- _EXCERPTED RECORDS_:
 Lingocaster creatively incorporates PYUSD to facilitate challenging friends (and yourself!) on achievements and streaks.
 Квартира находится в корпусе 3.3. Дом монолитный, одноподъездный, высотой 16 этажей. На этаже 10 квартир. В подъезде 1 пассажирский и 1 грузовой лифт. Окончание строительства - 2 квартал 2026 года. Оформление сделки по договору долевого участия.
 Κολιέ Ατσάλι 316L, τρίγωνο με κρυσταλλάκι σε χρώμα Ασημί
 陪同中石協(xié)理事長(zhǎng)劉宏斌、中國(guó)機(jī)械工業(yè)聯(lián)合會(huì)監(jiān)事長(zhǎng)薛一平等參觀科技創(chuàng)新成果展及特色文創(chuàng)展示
--
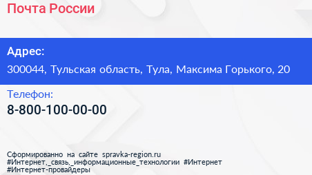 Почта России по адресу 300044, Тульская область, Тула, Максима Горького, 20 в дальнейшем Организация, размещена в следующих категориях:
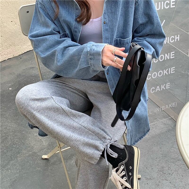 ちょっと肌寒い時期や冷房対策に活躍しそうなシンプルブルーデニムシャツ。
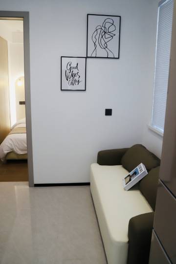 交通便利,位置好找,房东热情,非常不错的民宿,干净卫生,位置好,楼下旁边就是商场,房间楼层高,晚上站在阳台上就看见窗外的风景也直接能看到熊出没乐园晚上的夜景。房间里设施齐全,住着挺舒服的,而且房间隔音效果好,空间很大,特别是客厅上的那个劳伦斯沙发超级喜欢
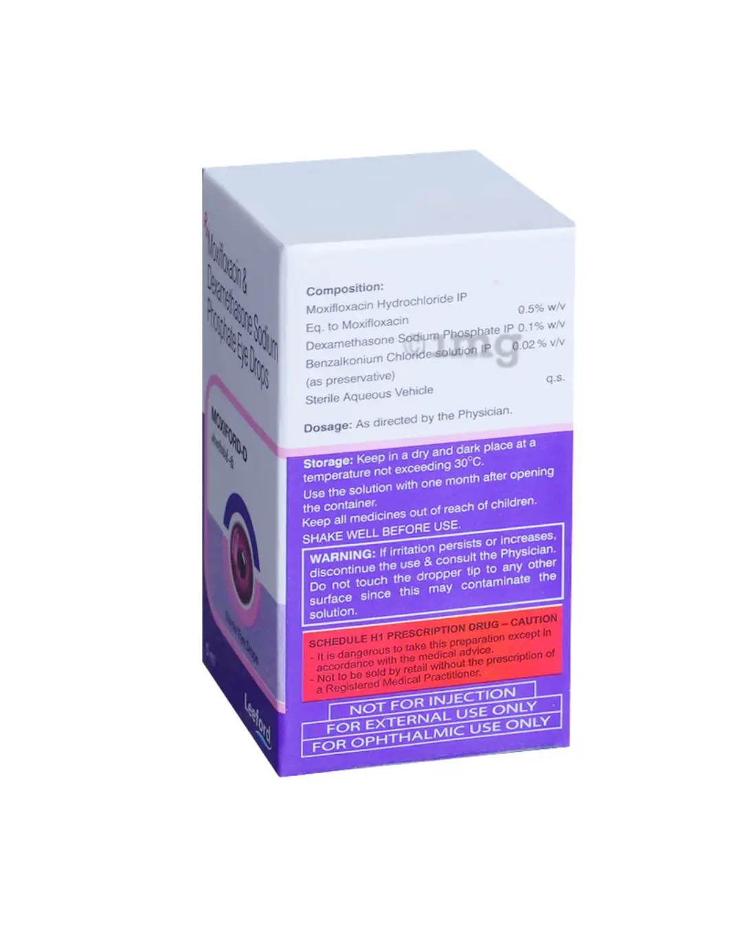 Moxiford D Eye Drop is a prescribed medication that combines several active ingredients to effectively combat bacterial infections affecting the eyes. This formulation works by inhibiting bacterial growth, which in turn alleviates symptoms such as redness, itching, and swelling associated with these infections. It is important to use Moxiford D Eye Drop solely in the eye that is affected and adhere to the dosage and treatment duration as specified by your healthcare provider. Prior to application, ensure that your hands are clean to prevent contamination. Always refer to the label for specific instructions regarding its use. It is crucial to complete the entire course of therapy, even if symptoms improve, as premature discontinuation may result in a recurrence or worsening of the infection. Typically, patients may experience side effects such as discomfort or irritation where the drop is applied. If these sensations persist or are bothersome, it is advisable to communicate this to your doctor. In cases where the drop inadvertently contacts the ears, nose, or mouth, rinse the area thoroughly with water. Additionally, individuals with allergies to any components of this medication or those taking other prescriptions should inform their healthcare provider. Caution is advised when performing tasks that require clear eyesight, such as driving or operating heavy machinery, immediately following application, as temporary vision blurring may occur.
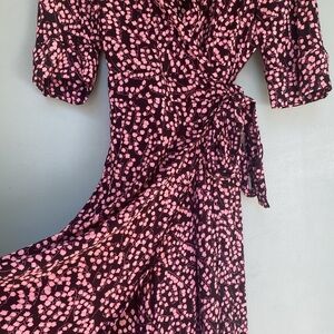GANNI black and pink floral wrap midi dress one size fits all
...
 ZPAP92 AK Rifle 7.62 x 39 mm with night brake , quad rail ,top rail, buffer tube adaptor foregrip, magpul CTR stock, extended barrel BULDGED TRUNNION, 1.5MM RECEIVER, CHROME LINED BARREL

- _TASK TO COMPLETE_: Copy only this from above: the line containing "ちょっと肌寒い時期や冷房対策に活躍しそうなシンプルブルーデニムシャツ。", the line containing "交通便利,位置好找,房东热情", and all lines between, printed exactly. Leave out the pictures.

- _YOUR RESPONSE_:
 ちょっと肌寒い時期や冷房対策に活躍しそうなシンプルブルーデニムシャツ。
 交通便利,位置好找,房东热情,非常不错的民宿,干净卫生,位置好,楼下旁边就是商场,房间楼层高,晚上站在阳台上就看见窗外的风景也直接能看到熊出没乐园晚上的夜景。房间里设施齐全,住着挺舒服的,而且房间隔音效果好,空间很大,特别是客厅上的那个劳伦斯沙发超级喜欢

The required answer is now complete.